A inserção de cativos africanos no Brasil, desde a segunda metade do século XVI até fins do século
XIX, fundou uma cultura nacional sincrética e muito particular. Os negros trouxeram seus cultos e
crenças religiosas, que se fundiram às práticas cristãs e indígenas, deixando marcas profundas e
indeléveis no campo religioso brasileiro. O candomblé, originário da África, trouxe a cultura dos
orixás, a dança, uma forte ligação com a Terra e com os elementos da natureza. Uma nova visão
cosmogônica, novos mitos e ritos, o transe, agentes espirituais atuando diretamente sobre a vida
humana: uma proposta de fé muito distinta do catolicismo romano. Os cultos africanos e aborígines
encontraram adeptos, sobretudo, nas camadas inferiores da população brasileira, entre os escravos e
outros oprimidos. Ainda assim, estas formas de religiosidade representavam grupos parciais, e não a
sociedade brasileira em sua totalidade.

_____Da fértil comunhão entre práticas ameríndias, cristãs e do candomblé, surgiu a Umbanda, no
início do século XX, que pode ser considerada a única religião verdadeiramente brasileira. A
Umbanda incorpora ainda conceitos diversos de outras religiões, transfigurados para responder aos
anseios do povo do Brasil. Um exemplo claro do sincrético e difuso universo religioso brasileiro.

_____No início do século XX chegam oficialmente no Brasil igrejas cristãs protestantes. A


revolução provocada pelo manifesto do monge agostiniano Martim Lutero, no século XVI, é trazida
através de missões pentecostais, que fundam uma nova base cristã em um país onde a grande
maioria da população é católica. O protestantismo não encontrou barreiras severas para conquistar
seu lugar ao sol no campo religioso brasileiro. Das missões clássicas (luteranos, por exemplo) ao
neopentecostalismo carismático (Igreja Sara Nossa Terra), fiéis se aglomeram nos bancos das
igrejas, buscando ressignificar sua experiência de fé. Contudo, a facção protestante é, geralmente,
menos dada a sincretismos com outras religiões: não é comum, ao evangélico, freqüentar religiões
como a umbanda e o candomblé, que muitas vezes são até mesmo combatidas pelas correntes
cristãs protestantes.

_____A histórica comunhão de crenças do povo brasileiro tornou a dimensão religiosa deste país
marcada por uma enorme diversidade de manifestações da fé. São comuns, no Brasil, fiéis que
freqüentam a missa católica aos domingos, assistem a programas de televisão protestantes às
segundas-feiras, participam de reuniões espíritas nas sextas e dançam no terreiro de umbanda aos
sábados. Somando-se ao sincretismo histórico e cultural brasileiros, é também marcante no país o
chamado fenômeno da Nova Era, originário do processo de secularização que se instalou no mundo
ocidental desde o final da era moderna e que encontra, na pós-modernidade, um campo fértil para se
expandir. Às três matrizes originais da cultura nacional, misturam-se mitos e práticas ritualísticas
orientais e européias antigas, fomentando o misticismo, o esoterismo e a magia, num fenômeno
chamado por alguns estudiosos de subjetivismo religioso ou reencantamento do mundo. Este
modelo de fé encontrou grande receptividade no Brasil, onde o trânsito religioso é traço comum de
seu povo.

_____O campo religioso brasileiro sempre esteve em movimento, se adaptando e modificando.
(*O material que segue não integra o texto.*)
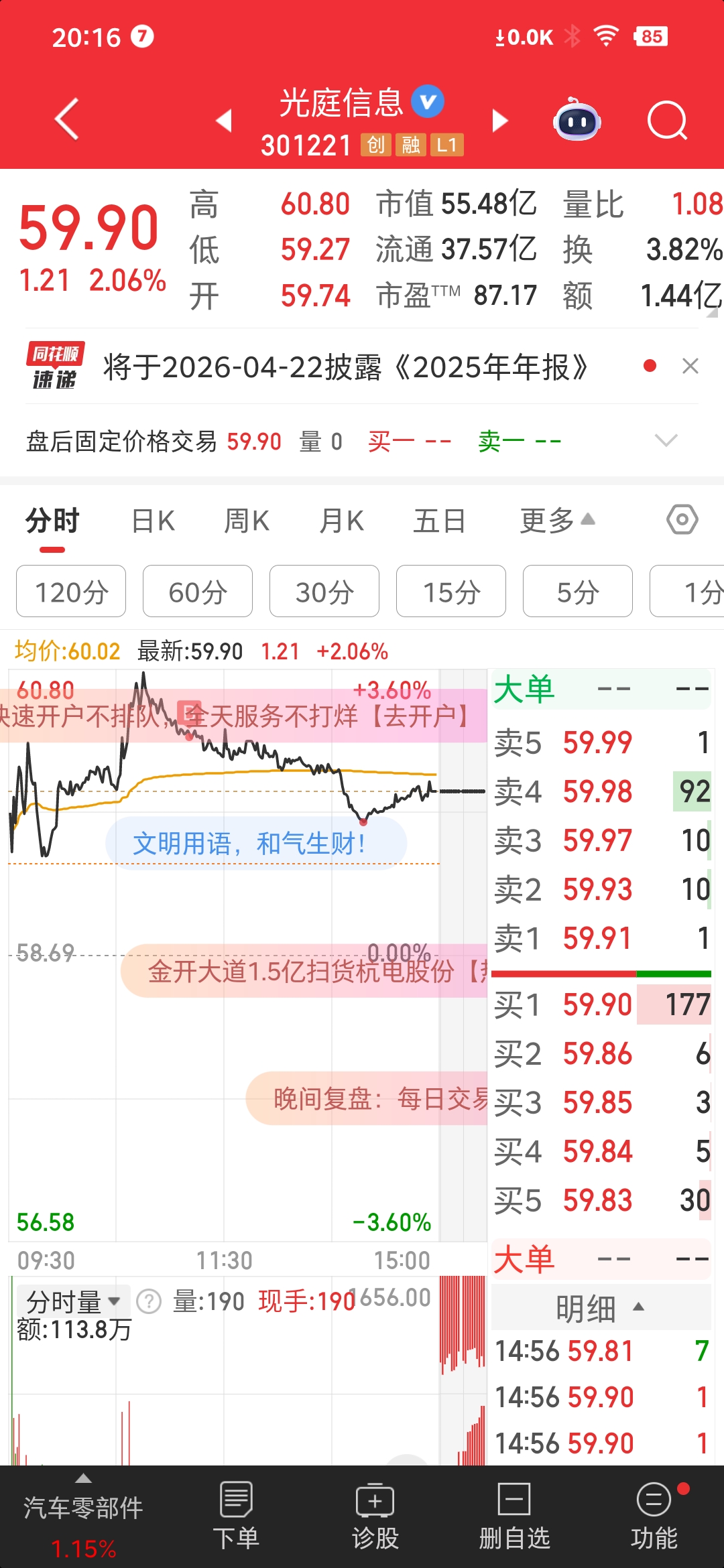 $光庭信息(SZ301221)$ 持有这么久来第一次追高,好像也还没亏多少,也是光庭近八天站在所有均线之上收盘之日,能走出上升之势吗?不知,但能站在均线之上,给人总得有念想,都说线下不做多,线上依势操作,不知对错?

Desde a chegada dos portugueses em terras nacionais, diversas culturas e manifestações da busca
pelo transcendente se alternam e se misturam na formação de uma matriz religiosa porosa e
dinâmica. Dos cultos aborígines ao fenômeno da Nova Era, o ser brasileiro é marcado por um
intenso dinamismo e flexibilidade que lhe permitem transitar por diversas manifestações religiosas
sem, contudo, perder a dimensão de sua fé. Ele pode, a cada momento, ressignificar sua
religiosidade, experimentar novos solos e escolher aquilo que mais responde a seus anseios, sem
precisar, para isso, ser fundamentalista, radical. Um modo de ser no mundo cordial e sincrético.